Duplicate Content Problems with the Drupal Quicktabs Module
I'm a big fan of the Quicktabs module, which easily lets you create tabbed content in Drupal. However, there is an SEO problem that people should be aware of when using it.
On my Pitbulls.org site, I noticed Google indexing multiple versions of the same page. This is known as duplicate content and it can penalize your rankings. Given that I had already modified my robots.txt file specifically to prevent this type of thing, I was a little confused.
But the solution was simple. It turns out that Quicktabs creates "unique" URLs of pages it is displayed on, so it can do the correct action when a user clicks on a tab.
So on my site, for instance, the "Most Popular" tab is link with "http://www.pitbulls.org/content/welcome-pitbullsorg?quicktabs_1=0#quicktabs-1"
And Google indexes this link, thinking it's a seperate page from http://www.pitbulls.org/content/welcome-pitbullsorg . But it's not.
Don't worry. The solution is simple.
In your robots.txt file, put the line: Disallow: /*quicktabs_*
And this little problem is solved.
UPDATE: After some more research, the above might not resolve the problem completly. Google cannot crawl the url, but they can still see it and may put it in the index.

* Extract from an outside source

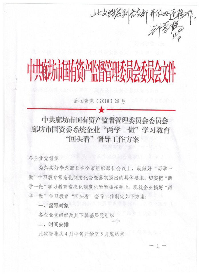 現將中共廊坊市國資委黨委制定下發的《廊坊市國資委系統企業“兩學一做”學習教育“回頭看”督導工作方案》(廊國資黨[2018]28號)文件轉發給你們,請嚴格按照文件要求,認真抓好落實,切實把“兩學一做”學習教育常態化制度化抓實抓好。各支部自查與準備工作情況匯報務于4月18日前報黨群文化中心(黨辦室)。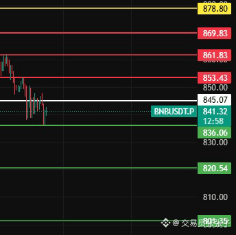 今天只有站稳845上方1-2小时级别才开始反弹,上方压力位留意853-861-870这几个位置附近!#BNB走势

A robots.txt block is better than nothing, but it might still pass pagerank to page you don't want to rank.
So there are two possible ways to solve this. And if you use one of these ways, do not use Disallow in robots.txt, because then the bot will not be able to see what you are doing.
One is with the canonical tag. This tells search engines to look to another page for the "real" content. This is also a useful tag for pages of data that can be sorted. The data is the essentially the same, just in a different order, and so you don't really want search engines to treat them as seperate pages. For example, lets say you had http://www.example.com/data and when you sorted the data the url ended up being http://www.example.com/data?sort=blahblahblah.
Since it's a different URL, a search engine will treat it as a different page. But you don't want that. So you add:
<link rel="canonical" href="http://www.example.com/data"/>
between the <head> tags of http://www.example.com/data?sort=blahblahblah page so it points back to the core page.
You can read more about it at http://www.google.com/support/webmasters/bin/answer.py?answer=139394
The Nodewords module can help you add canonical tags to nodes, so even if the path has extra variables, it will be pointing to the correct canonical URL.
If a page has a robots "NOINDEX, FOLLOW" meta tag, search engines will crawl the page, but will not add it to the index, so the page will not show up in the results and not count as duplicate content.
<meta name="robots" content="noindex, follow">
The "follow" is very important. It allows any links on the page to continue to pass link juice to other pages.
Nodewords can also help you add this to nodes and pages, however it is less useful in this case because you can't easily target pages that only have extra query strings. And misues of the NOINDEX tag can have severe consequences for your site.
So I recommend you use the "canonical URLs" solution.